- 1984 #2 (1978). Cover art by Richard Corben

Publication information
- Publisher: Warren Publishing
- Format: anthology/continuing series
- Publication date: June 1978 to February 1983
- No. of issues: 29
- Editor: William DuBay

= 1984 (magazine) =

American science-fiction comic magazine

1984 was an American black and white science-fiction comic magazine published in New York City by Warren Publishing from 1978 to 1983. 1984 was edited by Bill Dubay. The title of the magazine was changed to 1994 starting with issue #11 in February, 1980 based on a request by the estate of George Orwell. The magazine ceased publication with issue #29 in February, 1983 due to the bankruptcy of Warren Publishing.

==Contributors==
Artists who contributed stories to 1984/1994 included Alex Niño, Richard Corben, Jose Gonzalez, Jose Ortiz, Frank Thorne, Esteban Maroto, Rudy Nebres, Jimmy Janes, Abel Laxamana, Wally Wood, Luis Bermejo, Alfredo Alcala, and Vic Catan. Cover artists included Nino, Corben, Patrick Woodroffe, Jim Laurier, Sanjulián, Jordi Penalva, H.R. Giger, Steve Fastner, Rich Larsen, Lloyd Garrison, Terry Oates and John Berkey. Writers included Dubay, Thorne, Jim Stenstrum, Jan Strnad, Rich Margopoulos, Kevin Duane, Nicola Cuti and Gerry Boudreau.

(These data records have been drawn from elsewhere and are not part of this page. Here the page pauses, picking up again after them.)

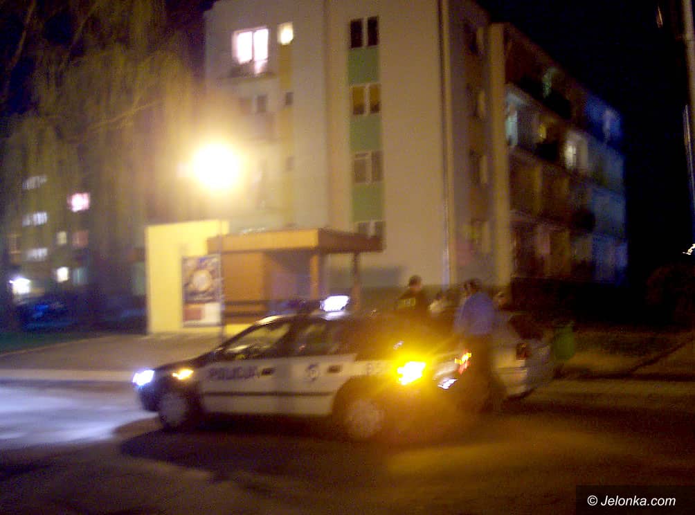 Radiowóz policyjny i funkcjonariusze podczas zatrzymania sprawcy.
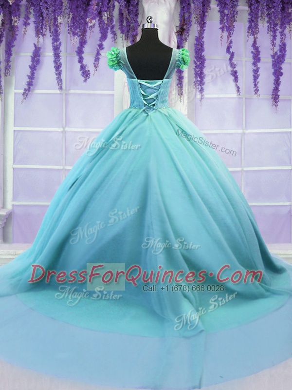 Scoop Hand Made Flower Quinceanera Gowns Blue Lace Up Short Sleeves Court Train
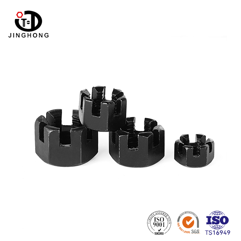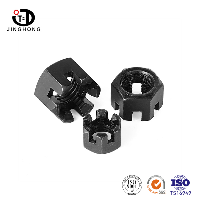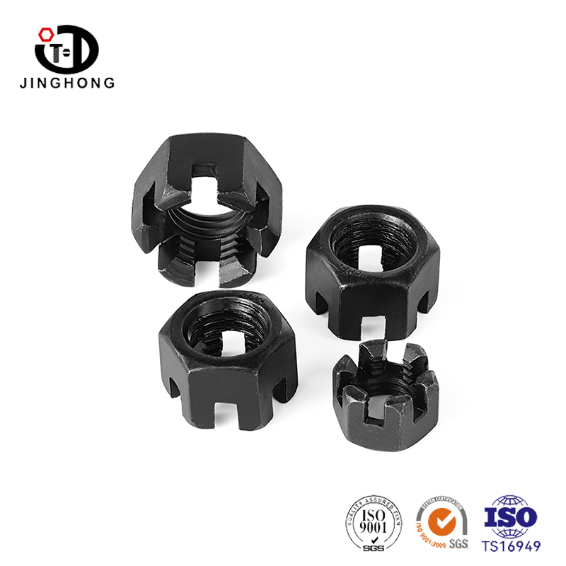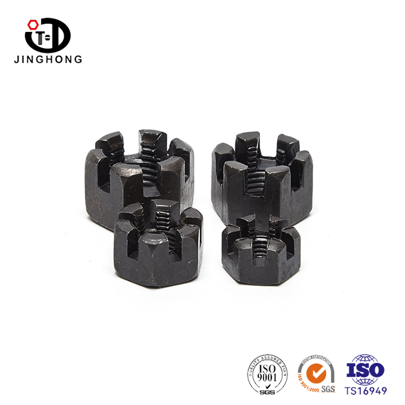 スロット付きのトップダイボディシェイプを備えた最も人気のあるファスナー。スプリットピンやロックワッシャーなどの補助部品を使用して緩みを防ぐことの利点は明らかです。主にボルトで使用されます。機械、建物、車などで最も人気のある構造により、機械の安定性と安全性が保証されます。
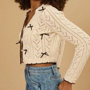Altar'd State Cece Cream Dainty Bow Cardigan
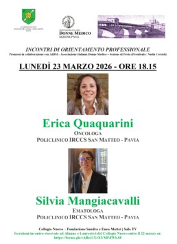 Storie di donne medico, dai primi passi della scelta sino agli sviluppi di carriera più recenti, sono al centro degli incontri con l’Associazione Italiana Donne Medico – Sezione Pavia, presieduta da Nadia Cerutti. Il primo appuntamento riservato alla comunità collegiale del Nuovo si terrà il 23 marzo ore 18.15 con Erica Quaquarini, oncologa, e Silvia Mangiacavalli, ematologa (IRCCS Policlinico San Matteo, Pavia).

== Recurring characters and series ==
Similar to its sister publications Eerie and Vampirella, 1984 featured numerous recurring series and characters. This included the following:

- Mutant World (Artist: Richard Corben; Writer; Jan Strnad)
- Ghita of Alizarr (Drawn and written by Frank Thorne)
- Idi Amin (Artist: Esteban Maroto; Writer: Bill Dubay)
- Rex Havoc (Artist: Abel Laxamana; Writer: Jim Stenstrum)
- The Starfire Saga (Artist: Rudy Nebres; Writer: Bill Dubay)
- Young Sigmond Pavlov (Artist: Alex Niño; Writer: Bill Dubay)

==Controversies==
One of the most notable incidents that occurred regarding the magazine was an unauthorized adaptation of Harlan Ellison's short story, "A Boy and His Dog", which has been rumored as one of the major factors in the bankruptcy of Warren Publishing. As discussed in the book The Warren Companion, editor Bill Dubay approached writers Gerry Boudreau and Jim Stenstrum about adapting science fiction stories for the magazine. Boudreau asked permission to adapt Ellison's story, and Dubay approved this, without first asking Ellison. When Ellison refused to grant permission, Dubay had artist Alex Niño draw the story anyway, then provided the art to Stenstrum to use as the basis for a new story. The story was published in issue #4, under the title "Mondo Megillah". Despite Stenstrum's reworking of the script, the basic story was still obvious plagiarism and Ellison filed a lawsuit, which he eventually won.

Advertised as an adult fantasy magazine, 1984 contained very mature subject matter by the standards of the time. To compete with rivals such as Heavy Metal it contained many stories featuring sex and other controversial subjects. As discussed by comics historian Richard Arndt, editor DuBay edited stories within the magazine to focus more on this subject matter, such as this incident that occurred with artist Wally Wood regarding stories that appeared in the first two issues of the magazine:

Wood's original story was entitled 'The End' and was 12 pages long. It was a part of his Wizard King series. Bill DuBay, without Wood's o.k. or knowledge, split the story in two, rearranged pages & panels, rewrote Wood's original script and presented the greatly altered work as two separate stories, changing Wood's original rather charming adult oriented tale into shorter pieces that leaned heavily on the scenes (which were also in Wood's original but not nearly so highlighted as their appearance here) of naked women in bondage being whipped and brutalized. Understandably, Wood was outraged and never worked for Warren again.

DuBay's treatment of Corben and Strnad's Mutant World also alienated the creators. Throughout, DuBay altered Strnad's dialogue to include words and phrases that Strnad has called "a spew of juvenile obscenities." The artwork, also, was altered as one page was arbitrarily flipped right-to-left, with the lettering adjusted to accommodate the change. When approached by Warren to publish an album of the collected episodes, Corben and Strnad politely declined. [Reference: Mutant World 2019 edition, forthcoming]

Controversial stories included issue #3's satirical story "The Harvest" which featured a future where white people hunted black people for sport and ate them, and issue #13's science fiction story "The Crop" where babies are sliced up and processed through factories to provide food for the starving populace. Both stories were written by DuBay.

Despite its controversies, the magazine has been praised for the high quality of its art. The serials Young Sigmond Pavlov and Ghita of Alizarr were both singled out as high quality stories by David A. Roach in The Warren Companion.